Problem details:
In this exercise, the entries below include pictures. Repeat exactly the lines from the line with "Chelsea 2-1 Man" to the line with "胡錦濤指出,中日雙方要繼續(xù)發(f", including both, but without the pictures.

Provided data:
****
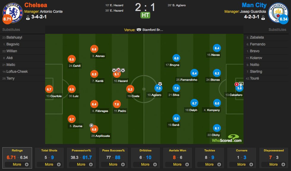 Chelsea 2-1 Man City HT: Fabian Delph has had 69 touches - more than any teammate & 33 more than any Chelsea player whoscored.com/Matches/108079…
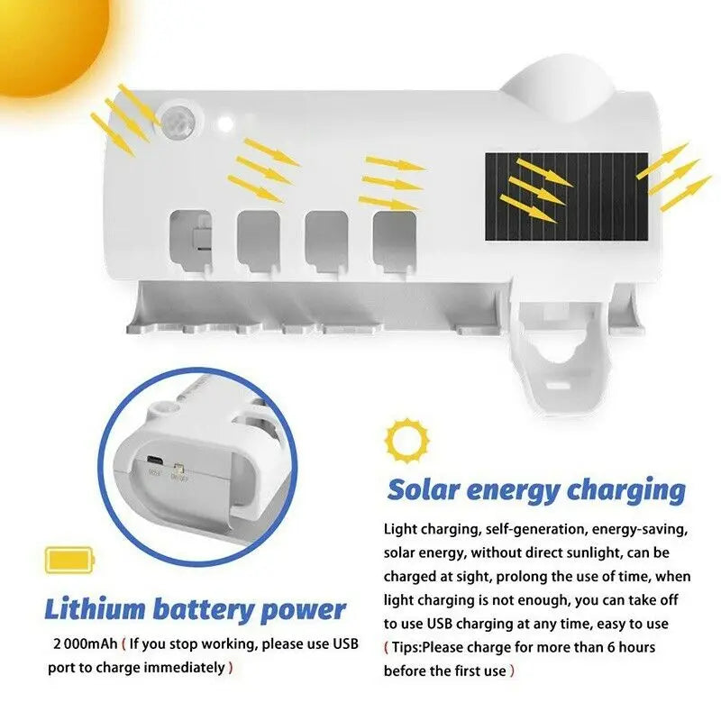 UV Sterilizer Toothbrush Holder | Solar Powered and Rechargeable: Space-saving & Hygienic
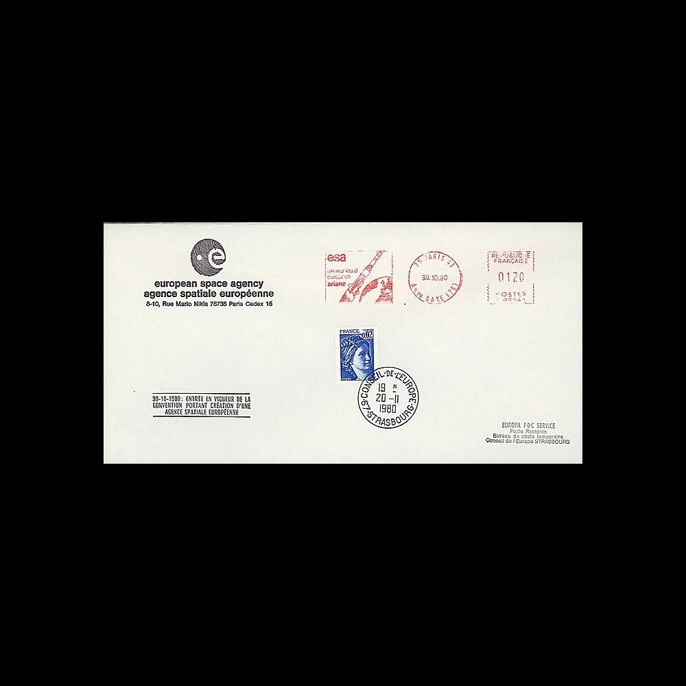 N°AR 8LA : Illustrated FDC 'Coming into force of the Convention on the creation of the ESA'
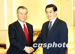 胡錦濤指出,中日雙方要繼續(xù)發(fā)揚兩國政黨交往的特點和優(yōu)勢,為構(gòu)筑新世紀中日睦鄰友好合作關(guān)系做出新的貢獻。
****
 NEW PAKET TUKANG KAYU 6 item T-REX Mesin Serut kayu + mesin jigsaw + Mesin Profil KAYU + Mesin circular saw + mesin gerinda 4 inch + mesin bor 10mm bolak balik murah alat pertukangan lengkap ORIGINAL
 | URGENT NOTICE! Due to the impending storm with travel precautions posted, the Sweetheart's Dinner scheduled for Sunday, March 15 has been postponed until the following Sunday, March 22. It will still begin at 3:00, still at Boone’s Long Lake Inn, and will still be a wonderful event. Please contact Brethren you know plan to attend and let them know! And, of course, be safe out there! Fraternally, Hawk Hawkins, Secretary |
****
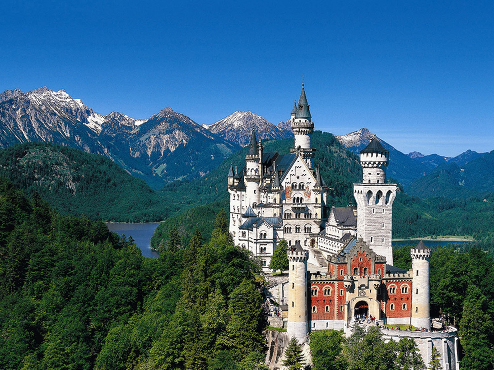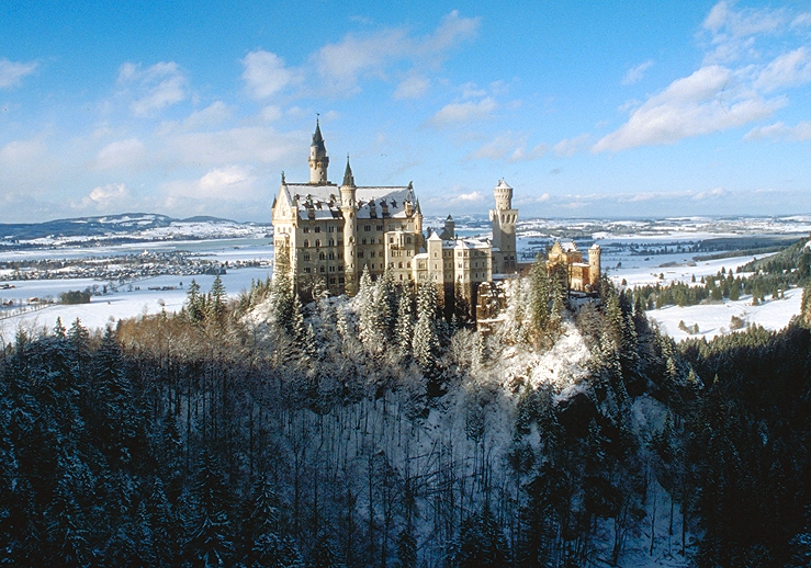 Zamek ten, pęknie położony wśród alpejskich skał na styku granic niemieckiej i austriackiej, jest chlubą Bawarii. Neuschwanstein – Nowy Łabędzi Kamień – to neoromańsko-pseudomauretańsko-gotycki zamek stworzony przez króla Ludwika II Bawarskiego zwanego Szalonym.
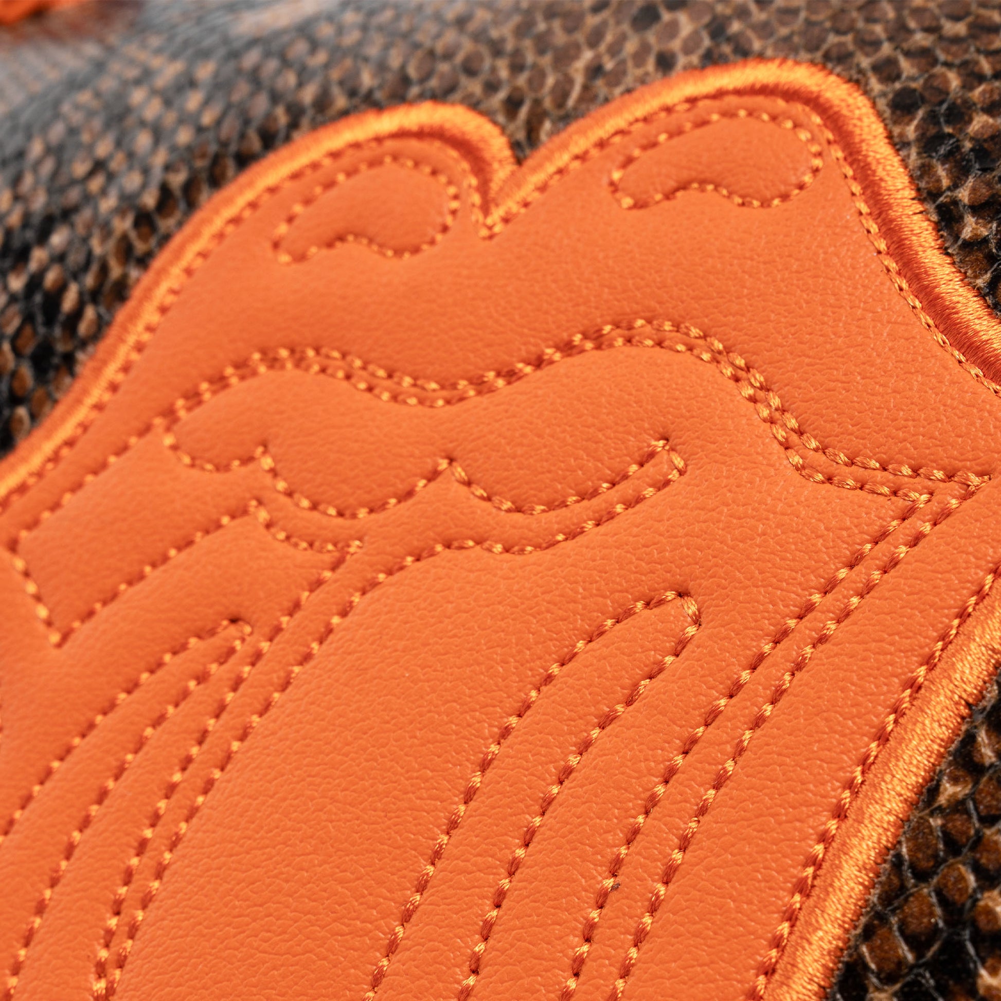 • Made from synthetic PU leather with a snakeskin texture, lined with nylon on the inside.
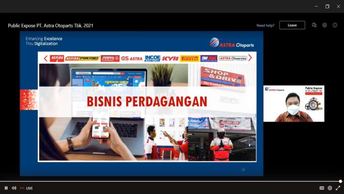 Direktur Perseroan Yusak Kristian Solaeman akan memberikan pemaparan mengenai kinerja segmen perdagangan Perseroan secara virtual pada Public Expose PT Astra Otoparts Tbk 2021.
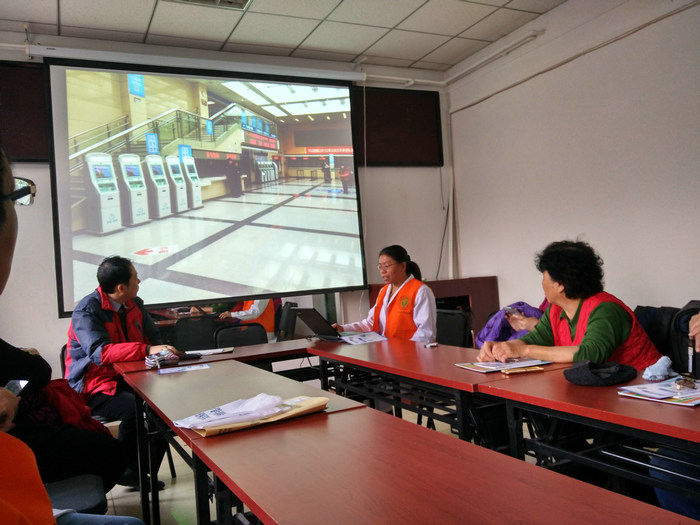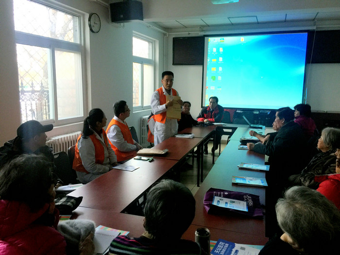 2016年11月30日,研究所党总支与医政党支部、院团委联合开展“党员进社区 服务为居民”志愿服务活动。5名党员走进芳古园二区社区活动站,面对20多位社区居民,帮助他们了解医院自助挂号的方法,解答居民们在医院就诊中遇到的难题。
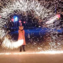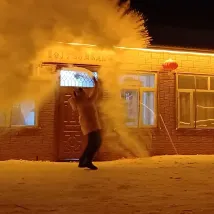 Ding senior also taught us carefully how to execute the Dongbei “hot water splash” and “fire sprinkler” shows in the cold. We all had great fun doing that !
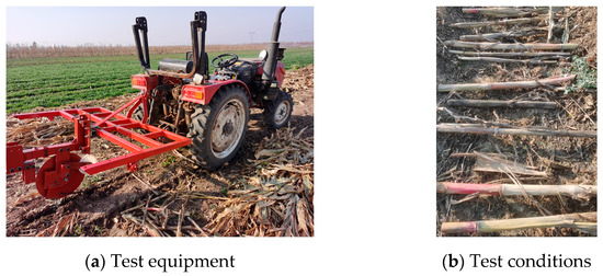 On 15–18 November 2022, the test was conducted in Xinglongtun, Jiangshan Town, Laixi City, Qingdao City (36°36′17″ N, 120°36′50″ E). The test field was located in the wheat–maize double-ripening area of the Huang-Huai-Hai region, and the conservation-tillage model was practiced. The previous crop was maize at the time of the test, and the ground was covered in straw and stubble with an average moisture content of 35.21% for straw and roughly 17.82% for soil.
****
Answer box:
 Chelsea 2-1 Man City HT: Fabian Delph has had 69 touches - more than any teammate & 33 more than any Chelsea player whoscored.com/Matches/108079…
 UV Sterilizer Toothbrush Holder | Solar Powered and Rechargeable: Space-saving & Hygienic
 N°AR 8LA : Illustrated FDC 'Coming into force of the Convention on the creation of the ESA'
 胡錦濤指出,中日雙方要繼續(xù)發(fā)揚兩國政黨交往的特點和優(yōu)勢,為構(gòu)筑新世紀中日睦鄰友好合作關(guān)系做出新的貢獻。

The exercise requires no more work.